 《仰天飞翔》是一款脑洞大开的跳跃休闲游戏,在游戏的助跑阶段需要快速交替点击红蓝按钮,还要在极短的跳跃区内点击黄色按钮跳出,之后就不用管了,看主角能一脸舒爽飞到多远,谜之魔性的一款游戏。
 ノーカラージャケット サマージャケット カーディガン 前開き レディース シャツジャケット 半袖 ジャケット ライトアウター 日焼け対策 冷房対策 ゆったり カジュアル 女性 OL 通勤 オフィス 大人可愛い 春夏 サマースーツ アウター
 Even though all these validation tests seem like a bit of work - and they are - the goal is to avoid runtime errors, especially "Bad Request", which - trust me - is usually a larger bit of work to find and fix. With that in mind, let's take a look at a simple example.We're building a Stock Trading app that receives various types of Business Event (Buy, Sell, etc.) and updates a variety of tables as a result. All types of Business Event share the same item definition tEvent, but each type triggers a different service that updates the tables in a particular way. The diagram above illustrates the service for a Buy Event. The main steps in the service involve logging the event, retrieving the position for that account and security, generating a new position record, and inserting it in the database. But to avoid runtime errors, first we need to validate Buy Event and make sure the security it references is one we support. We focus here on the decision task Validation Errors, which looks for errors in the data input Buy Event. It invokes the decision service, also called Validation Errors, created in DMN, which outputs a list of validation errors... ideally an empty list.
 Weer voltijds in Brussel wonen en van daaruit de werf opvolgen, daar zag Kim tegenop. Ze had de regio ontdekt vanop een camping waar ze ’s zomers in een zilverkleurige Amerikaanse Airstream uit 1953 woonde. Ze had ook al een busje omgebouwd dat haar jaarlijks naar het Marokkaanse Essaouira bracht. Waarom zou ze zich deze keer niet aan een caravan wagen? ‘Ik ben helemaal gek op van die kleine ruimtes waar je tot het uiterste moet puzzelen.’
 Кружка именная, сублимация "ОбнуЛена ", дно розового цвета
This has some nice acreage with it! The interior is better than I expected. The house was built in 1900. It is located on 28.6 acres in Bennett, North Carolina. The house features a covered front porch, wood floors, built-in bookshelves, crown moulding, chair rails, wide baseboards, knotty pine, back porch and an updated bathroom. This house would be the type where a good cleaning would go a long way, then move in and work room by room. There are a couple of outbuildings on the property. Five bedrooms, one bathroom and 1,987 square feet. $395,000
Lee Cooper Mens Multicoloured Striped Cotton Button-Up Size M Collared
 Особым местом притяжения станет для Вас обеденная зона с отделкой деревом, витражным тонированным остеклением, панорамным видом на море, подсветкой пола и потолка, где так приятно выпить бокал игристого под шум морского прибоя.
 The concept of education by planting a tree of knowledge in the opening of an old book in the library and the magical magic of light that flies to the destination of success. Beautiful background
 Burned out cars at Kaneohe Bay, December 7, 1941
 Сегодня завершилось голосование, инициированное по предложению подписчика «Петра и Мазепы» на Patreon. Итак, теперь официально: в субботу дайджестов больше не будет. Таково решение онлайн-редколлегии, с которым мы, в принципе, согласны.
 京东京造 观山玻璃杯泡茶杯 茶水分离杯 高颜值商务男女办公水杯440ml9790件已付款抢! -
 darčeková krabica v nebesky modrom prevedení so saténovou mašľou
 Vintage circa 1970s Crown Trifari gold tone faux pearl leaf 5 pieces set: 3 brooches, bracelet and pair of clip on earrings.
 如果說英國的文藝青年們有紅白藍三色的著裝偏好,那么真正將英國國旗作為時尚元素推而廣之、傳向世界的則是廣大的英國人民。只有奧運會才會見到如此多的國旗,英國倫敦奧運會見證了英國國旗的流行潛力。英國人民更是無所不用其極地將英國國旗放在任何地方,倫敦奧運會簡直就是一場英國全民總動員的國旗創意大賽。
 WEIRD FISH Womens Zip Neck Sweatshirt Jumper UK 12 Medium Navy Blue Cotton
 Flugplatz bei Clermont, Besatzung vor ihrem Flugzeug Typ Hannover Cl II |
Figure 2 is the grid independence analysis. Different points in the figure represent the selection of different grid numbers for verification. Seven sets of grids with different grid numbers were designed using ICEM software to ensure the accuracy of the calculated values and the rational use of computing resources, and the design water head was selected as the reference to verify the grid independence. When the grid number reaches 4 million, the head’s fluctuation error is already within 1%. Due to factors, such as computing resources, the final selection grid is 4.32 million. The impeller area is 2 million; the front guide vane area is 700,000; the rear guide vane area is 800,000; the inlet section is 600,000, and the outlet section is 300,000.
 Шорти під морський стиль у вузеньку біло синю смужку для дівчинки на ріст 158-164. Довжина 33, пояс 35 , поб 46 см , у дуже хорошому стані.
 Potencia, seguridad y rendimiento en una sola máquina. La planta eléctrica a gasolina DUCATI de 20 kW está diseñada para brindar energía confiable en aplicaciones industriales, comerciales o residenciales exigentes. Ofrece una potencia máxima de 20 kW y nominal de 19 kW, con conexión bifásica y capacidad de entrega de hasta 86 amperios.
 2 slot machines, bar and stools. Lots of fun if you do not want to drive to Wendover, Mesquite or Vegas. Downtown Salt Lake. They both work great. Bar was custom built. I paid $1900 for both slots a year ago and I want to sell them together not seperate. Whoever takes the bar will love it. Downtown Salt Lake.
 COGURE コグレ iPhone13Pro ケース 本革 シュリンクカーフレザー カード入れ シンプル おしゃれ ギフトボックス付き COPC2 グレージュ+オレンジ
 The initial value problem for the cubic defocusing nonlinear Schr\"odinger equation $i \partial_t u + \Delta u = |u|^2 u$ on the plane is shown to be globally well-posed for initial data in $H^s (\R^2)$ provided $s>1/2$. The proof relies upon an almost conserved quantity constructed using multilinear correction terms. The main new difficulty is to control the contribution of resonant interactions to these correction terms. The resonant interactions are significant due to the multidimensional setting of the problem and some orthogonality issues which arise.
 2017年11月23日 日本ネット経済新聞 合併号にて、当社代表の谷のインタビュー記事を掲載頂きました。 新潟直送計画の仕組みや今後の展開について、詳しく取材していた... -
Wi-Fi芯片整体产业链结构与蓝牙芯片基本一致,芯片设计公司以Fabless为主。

------------------------------------------------

◆ **Work to be completed**: What is needed is an exact copy of the lines from the start of the listing through the line where "ノーカラージャケット サマージャケット カーディガン" sits, please, both end lines included and nothing more.

◆ **Output of the exercise**:
 《仰天飞翔》是一款脑洞大开的跳跃休闲游戏,在游戏的助跑阶段需要快速交替点击红蓝按钮,还要在极短的跳跃区内点击黄色按钮跳出,之后就不用管了,看主角能一脸舒爽飞到多远,谜之魔性的一款游戏。
 ノーカラージャケット サマージャケット カーディガン 前開き レディース シャツジャケット 半袖 ジャケット ライトアウター 日焼け対策 冷房対策 ゆったり カジュアル 女性 OL 通勤 オフィス 大人可愛い 春夏 サマースーツ アウター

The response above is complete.